Five years ago, Abbey Chandler cheated Death. She survived a horrific car accident, but her “lucky” break came at the expense of her mother’s life and changed everything. After she crossed paths with Death—by taking the hand of an ethereal boy made of clouds and sky—she would never be normal again.

Now she’s the target of Death’s ravens and an innocent boy’s life is on the line. When Nate Holden—Abbey’s secret crush—starts to climb Alaska’s Denali, the Angel of Death stalks him because of her.

And Abbey finds out the hard way that Death never forgets.
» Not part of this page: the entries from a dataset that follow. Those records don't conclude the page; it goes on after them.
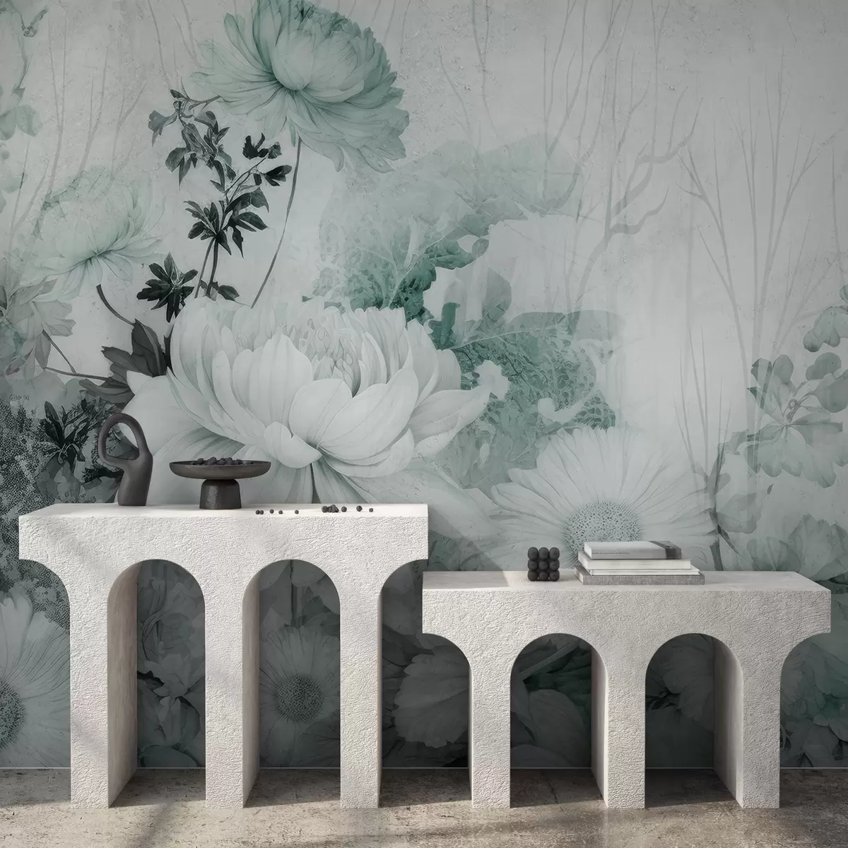 Fototapet Flori de epocă pe un perete vechi crăpat Nr. w03654v2
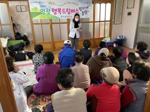 [금요저널] 영광군은 보건의료 접근도가 떨어지는 의료취약지역 주민을 대상으로 보건·복지·문화 통합건강서비스를 제공하기 위해 지난 1월 31일 영광읍 와전경로당을 시작으로 2023년 행복드림버스호가 힘차게 출발했다.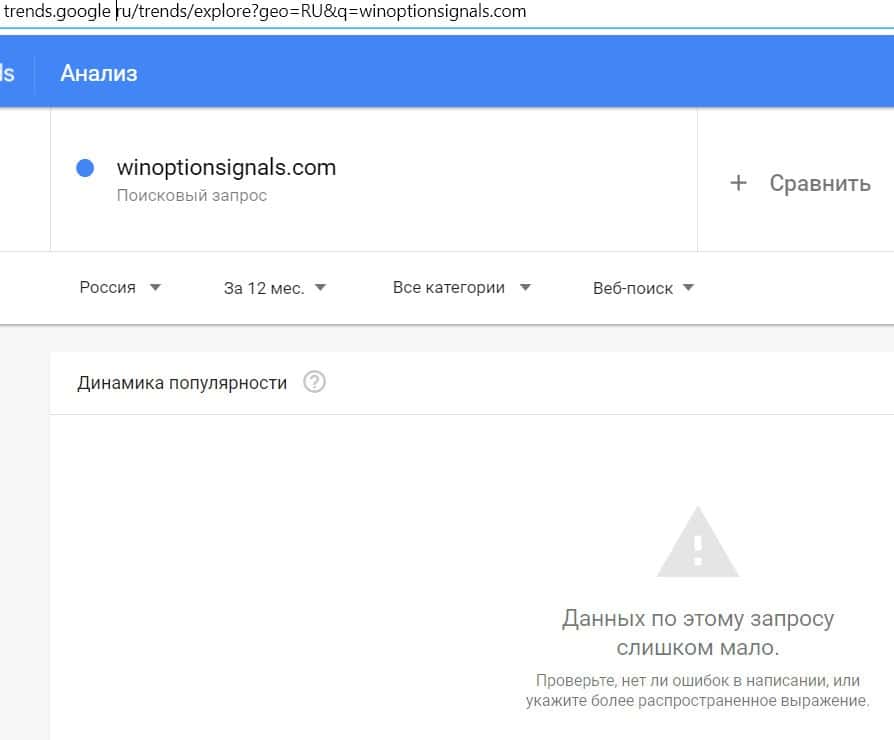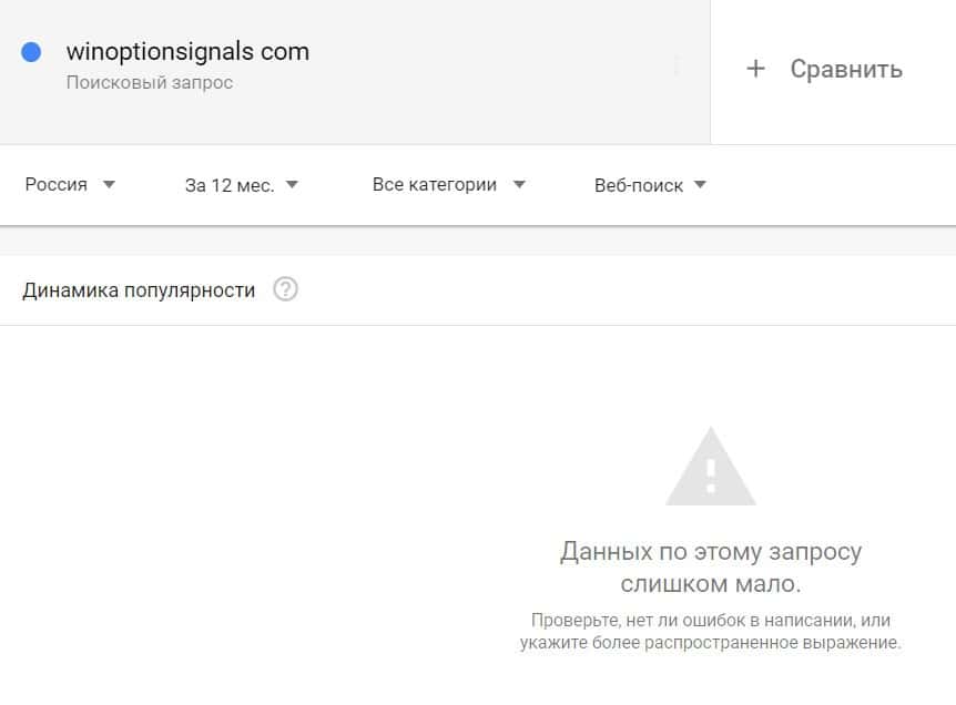 Доменное имя мошеннического сайта "winoptionsignals.com" вбивали в поисковую систему Гугл слишком редко, поэтому данных по этому запросу практически нет.

Abbey Chandler cheated Death, and all she remembers of that fateful day is hearing her mother’s voice for the very last time. From that point on, everything is a blank. But that doesn’t mean that Abbey didn’t spend the last five years feeling guilty over her mother’s death. The accident was her fault. She was the one who purposely missed the bus so her Mom would pick her up. And now all that’s left are the pieces of her life, the broken shell of the man who was once her father, and an overwhelming sense of guilt. Whereas this adds a peculiar and intriguing dimension to the character – we’re all too often greeted by characters who seem to show little emotions towards their parent’s death – and made me feel instantly sympathetic to her, Abbey isn’t a likeable character. While I was reading about her mood swings, which are as common as changing clothes for her, or about how detastable she asks towards her father, I recognized a lot of myself in Abbey. At least, back when I was in the midst of puberty, and struggling to come to terms with the death of my father. Even though my dad died of a brain hemorrhage, and I had no reason whatsoever to feel guilty about it, I did go through the entire guilt phase as well. It may seem irrational, but I think it’s like that for a lot of people who lose one of their parents while they’re still a child, and then when they have to deal with it again through puberty. It was nice reading about a character I could relate to for once.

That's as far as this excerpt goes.